THE MONSTER IN THE SECOND REEL
By Richard Paolinelli
© 2020 RICHARD PAOLINELLI . ALL RIGHTS RESERVED. NO COPYING OR ANY OTHER REPRODUCTION OF THIS STORY IS PERMITTED WITHOUT WRITTEN PERMISSION.
Albert Kraft had been sheriff of Kidder County for ten years. He often joked he’d likely remain sheriff until his son, Arnold, replaced him. A burly man with a gentle heart, he managed to enforce the law in the small county without having to resort to heavy-handedness. Mostly, he had little to do and was only in his office this night to cover for his lone deputy, who was in Bismarck’s lone hospital awaiting the arrival of his first child.
When Kraft’s phone rang, he fully expected it to be his wife calling and not the manager of the theater sounding like he’d lost his mind.
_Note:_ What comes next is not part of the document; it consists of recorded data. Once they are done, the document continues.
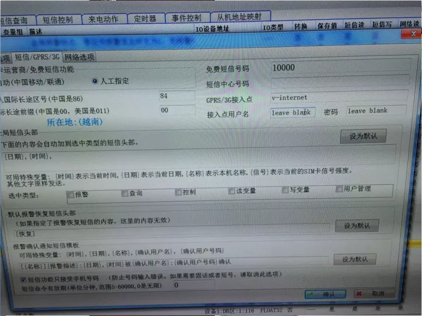 生产光伏组件产品越南分公司,使用西门子S7-1200 PLC,实现定时发送短信,报警发送短信,组态王远程监控,及网页监控。项目使用GRM500模块与S7-1200 PLC通过以太网通讯。PLC当前IP为:192.168.0.1
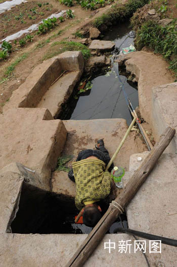 小劉凱告訴記者,受持續(xù)干旱缺水影響,他到村莊到遠(yuǎn)處取水已經(jīng)有一周時間了。由于供村里食用的水源在慢慢減少,每天中午放學(xué)后,劉凱都要擔(dān)著自己的“水桶”到遠(yuǎn)地“打水”,往返需要近半個多小時。據(jù)記者上前仔細(xì)察看,小劉凱取水之地作為村里為數(shù)不多的水源之一,渾濁的水面難以見底,水源質(zhì)量令人擔(dān)憂。
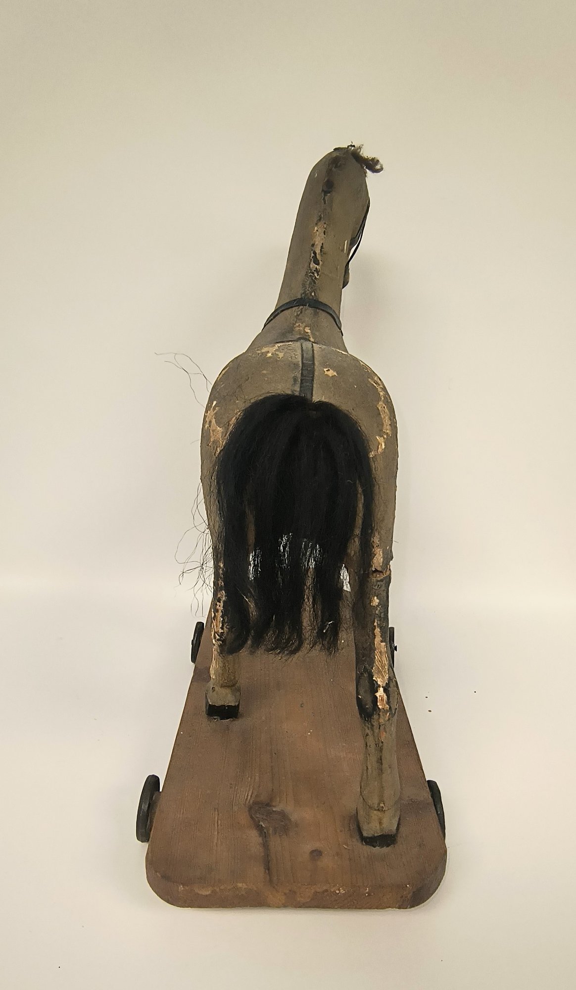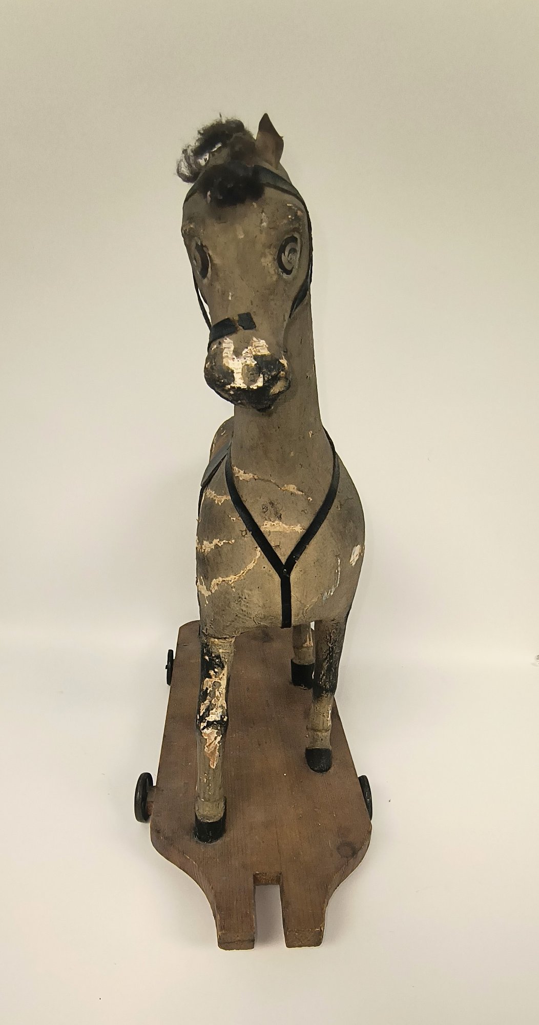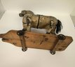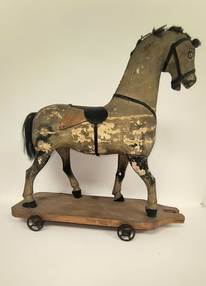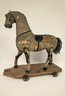 Hand painted wood with fabric covered horse. Steel wheels.

“Sheriff Kraft,” he answered.
“Al,” Baxter was an old friend. “You are not going to believe this, but some nut has locked himself and six customers inside my theater and I can’t get inside.”
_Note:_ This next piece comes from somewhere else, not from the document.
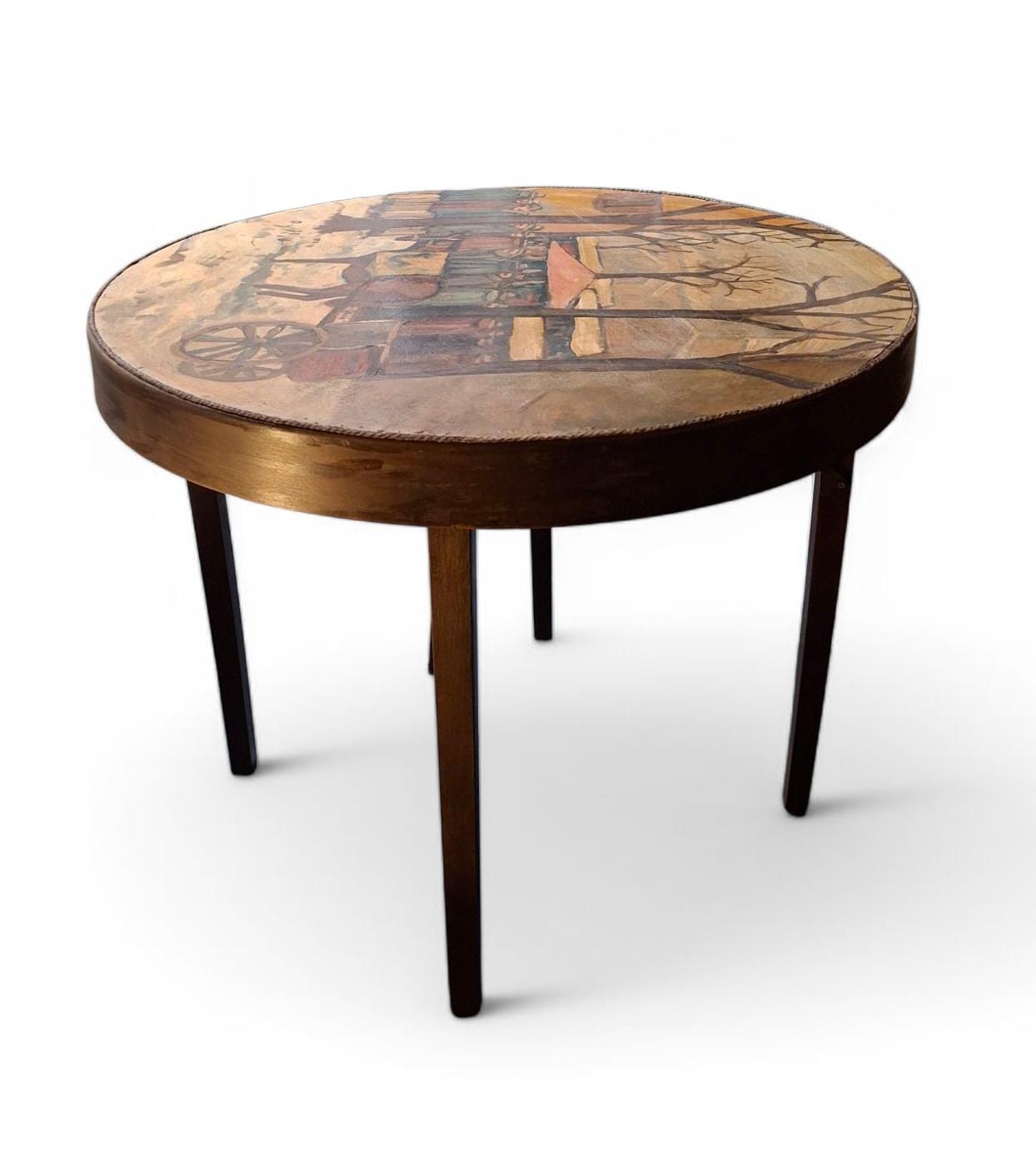 Tavolino dipinto da Ottorino Garosio (1904-1980), Scena di mercato con figure e carro con cavallo, il piano è dipinto direttamente sul tavolo in legno, il tavolo ha le quattro gambe pieghevoli, diametro 90 cm, altezza 71 cm. http://www.oldpaintingsonline.com
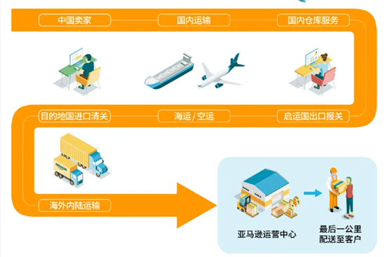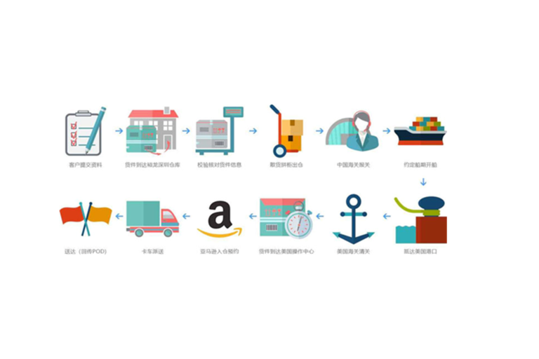 Deliver to the corresponding logistics company warehouse → warehouse operation → customs declaration for export → sea/train/air transportation → import customs clearance → Amazon warehouse reservation → deliver to Amazon warehouse

“I’ve told you to carry an extra set of keys with you, Bax,” Kraft chuckled.
“That’s not what I mean. I’m in the lobby. I can’t get into the theater. He’s got the outside doors locked and we can’t get the keys to work and the lobby doors are blocked. I can’t budge them at all.”
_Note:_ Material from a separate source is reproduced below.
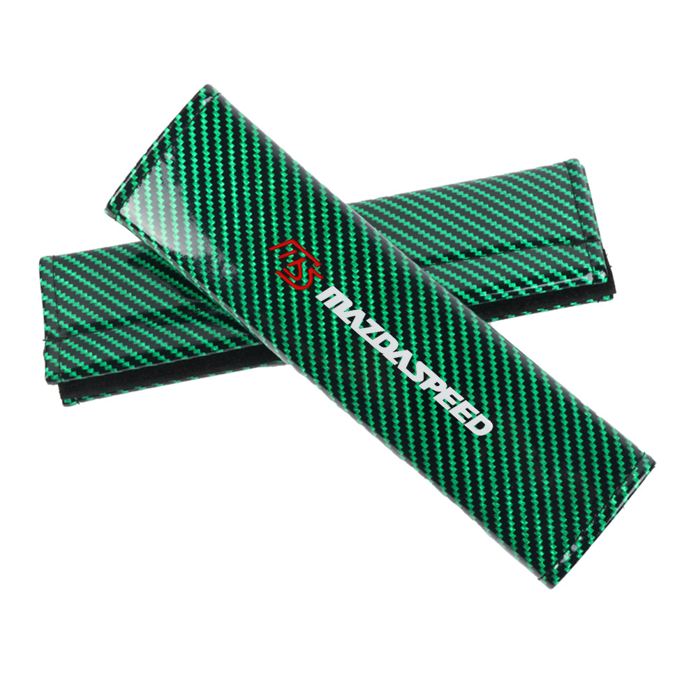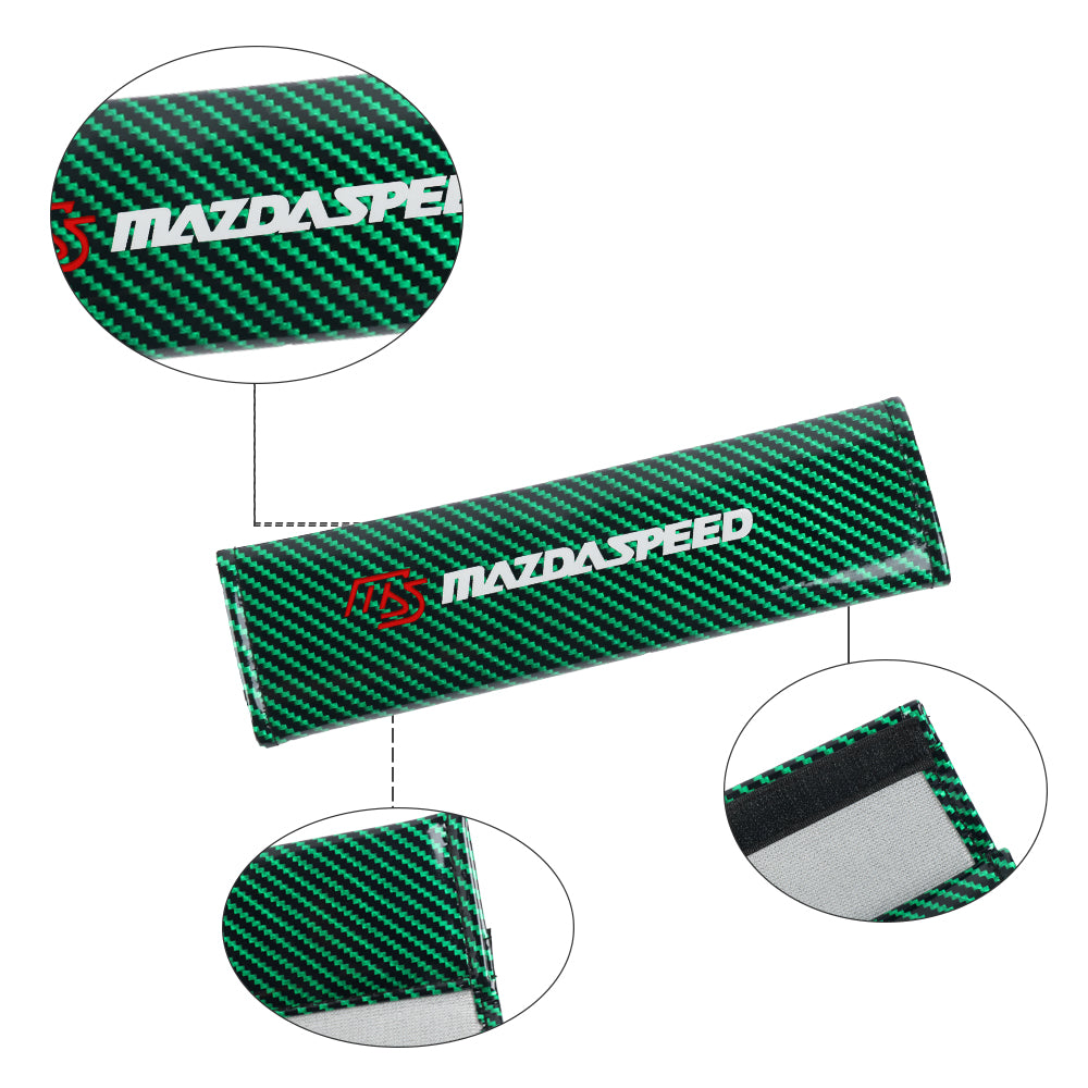 Brand New Universal 2PCS Mazdaspeed Green Carbon Fiber Look Car Seat Belt Covers Shoulder Pad

“Alright, Bax, I’ll come over and see what I can do.”
He drove over the two blocks, in case he was going to have to transport a prisoner to jail, taking notice of a brand new car he’d never seen in town before along the way, parked his patrol car out front and strode into the lobby less than two minutes after hanging up.
“How long has he been in there?”
“About twenty minutes now, Al. He said he had a thirty-minute film to show, some kind of sneak preview of a Hollywood film. Paid for the use of the theater in cash. He seemed legitimate, so I let him have at it. When I tried to go back inside to see how things were going, I couldn’t get past the doors.”
Kraft pushed on both. He leaned into the effort on the second try but fared no better.
“And when you tried to get in from the outside doors?” Kraft asked.
“Keys won’t even turn the lock, Al. This goes well beyond strange, don’t you think?” he mopped his forehead with a handkerchief.
“I do. Well, we can either wait until his film runs out and the folks inside try to leave or…”
With that, Kraft withdrew his nightstick and started pounding on the doors. He hoped someone inside would hear and investigate. He was still pounding away four minutes later, with no response from the other side, when the strange became the bizarre.
“In the name of God,” a voice thundered from behind them, “stand away from that door!”
They turned in unison to find a man in the traditional garb of a Jesuit priest bearing down upon them. His black hair and robes moved as if blown by an unnatural wind, and his face seemed chiseled from granite. His green eyes blazed with a holy light. From a fold of his robe, he withdrew a hand ax that appeared to be made from pure gold. It was shaped like a cross and what appeared to be razor-sharp blades glinted on either side.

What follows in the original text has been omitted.